RE: Python Challenge: Word Frequency Analysis

Bard and chat GOT are pretty good at Python.

RE: Python Challenge: Word Frequency Analysis

Sounds like a classroom assignment.

Skip,

glassesJust traded in my OLD subtlety...
for a NUance!tongue

"The most incomprehensible thing about the universe is that it is comprehensible" A. Einstein

You Matter...
unless you multiply yourself by the speed of light squared, then...
You Energy!

RE: Python Challenge: Word Frequency Analysis

It's certainly homework.
When I started learning Python 20 years ago, this was a demonstration example in an introductory book on "What Are Dictionaries Good For?"
If you want us to help you with this, show us some code what have you tried so far and what doesn't work as you expected.

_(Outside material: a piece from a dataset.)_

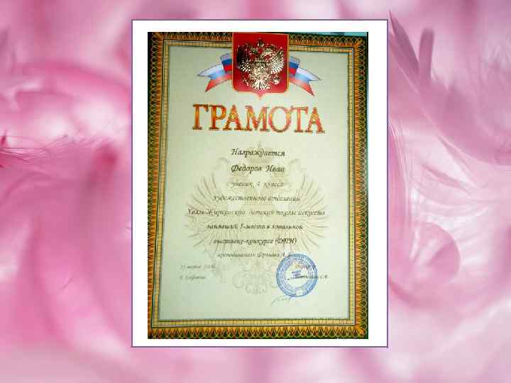 Работа Вани Фёдорова заняла I место на зональном конкурсевыставке в г. Сафоново в 2013 году 13 лет
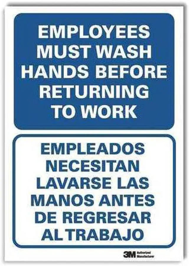 Hygiene Sign, Vertical Rectangle, Number of Printed Sides 1, English, Spanish, Sign Legend Employees Must Wash Hands Before Returning To Work/Empleados Necesitan Lavarse Las Manos Antes De Regresar Altrabajo, Sign Legend Background Color Blue, White, Sign Legend Style Text. This item has been restricted from sale in the following state (s): []

RE: Python Challenge: Word Frequency Analysis

Because I was bored and haven't done anything with Python in a while.

CODE --> Python

def word_frequency_analysis(text):
    output = {}
    for word in text.lower().split():
        if word in output:
            output[word] = output[word] + 1 
        else:
            output[word] = 1

    return output 

More compact, but perhaps less clear.

CODE --> Python

def word_frequency_analysis_2(text):
    output = {}
    for word in text.lower().split():  
        value = output[word] + 1 if word in output else 1
        output[word] = value
        
    return output 

RE: Python Challenge: Word Frequency Analysis

I realized that there is a punctuation problem with my original solutions. I cheated and found about the 'string' library online.

Helper function to strip out punctuation.

CODE --> Python

import string

def strip_punctuation(input_string):
    return input_string.translate(str.maketrans('', '', string.punctuation)) 

And implementing it.

CODE --> Python

def word_frequency_analysis_1(text):
    output = {}
    for word in strip_punctuation(text).lower().split():
        if word in output:
            output[word] = output[word] + 1 
        else:
            output[word] = 1

    return output 

CODE --> Python

def word_frequency_analysis_2(text):
    output = {}
    for word in strip_punctuation(text).lower().split():  
        value = output[word] + 1 if word in output else 1
        output[word] = value
        
    return output

result = word_frequency_analysis_2(sample_text) 

For good measure, one more way.

CODE --> Python

def word_frequency_analysis_3(text):
    output = {}
    for word in strip_punctuation(text).lower().split():
        try:
            output[word] = output[word] = 1
        except KeyError:
            output[word] = 1
            
    return output 

RE: Python Challenge: Word Frequency Analysis

Lastly, for kicks, which is fastest on a longer string?

Quote (Declaration of Independence)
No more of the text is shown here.